#### [Task objective]
No pictures should appear. The lines from the beginning of the listing through the one holding "Featuring a sky" must be reproduced exactly, and nothing more.

::: Supplied material :::

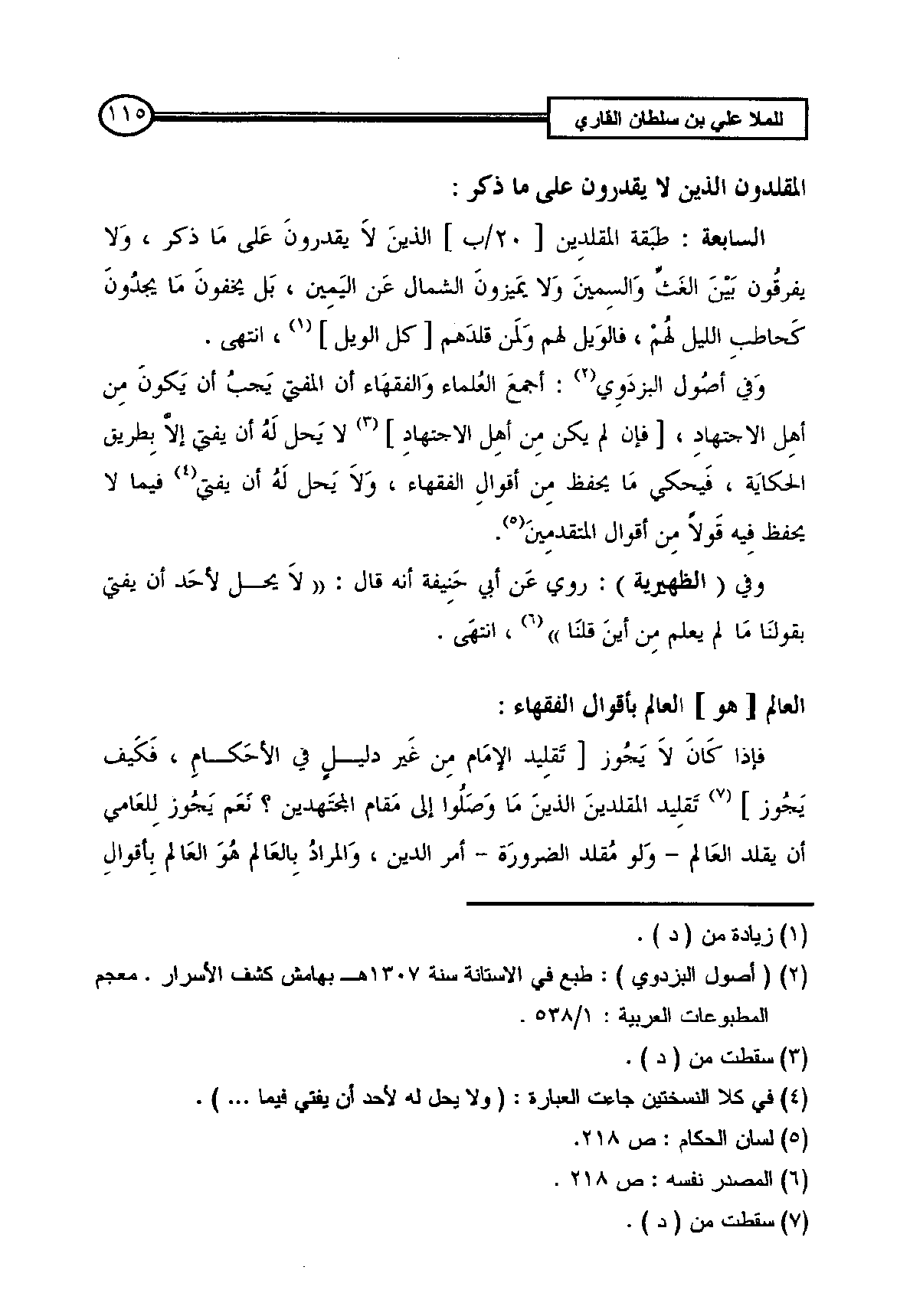 (¬2) (أصول البزدوي): طبع في الاستانة سنة 1307هـ بهامش كشف الأسرار. معجم المطبوعات العربية: 1/ 538.
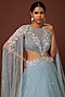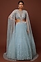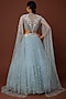Featuring a sky blue lehenga in net base with embroidery. It is paired with a blouse having attached long veil sleeves. Accentuate this designer set with statement jewellery and heels for a bridal look.
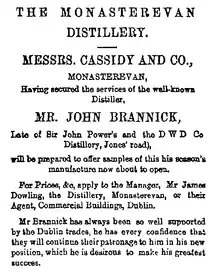 Towards the end of 1892, the Monasterevan Distillery advertised that they had "secured the service of the well-known Distiller, Mr. John Brannick, Late of Sir John Powers and the DWD Co Distillery, Jones' Road", asserting that Brannick "has always been so well supported by the Dublin trades, he has every confidence that they will continue their patronage to him in his new position, which he is desirous to make his greatest success".[13] According to Brannick's 1893 testimony as a witness in litigation against the Dublin Whiskey Distillery following the accidental death of an employee, he remained a shareholder in that company, and after serving as managing director of the Banagher establishment, was then a distiller at Cassidy's, Monasterevan, "where he had 100 men employed".[14] In January 1895, it was reported at the Ballickmoyler Petty Sessions for the 11th of that month that that Brannick was "appointed sole general manager as well as distiller" of Monasterevan Distillery, taking the place of the recently deceased James Dowling.[15]

:::

#### [Answer section]
 (¬2) (أصول البزدوي): طبع في الاستانة سنة 1307هـ بهامش كشف الأسرار. معجم المطبوعات العربية: 1/ 538.
Featuring a sky blue lehenga in net base with embroidery. It is paired with a blouse having attached long veil sleeves. Accentuate this designer set with statement jewellery and heels for a bridal look.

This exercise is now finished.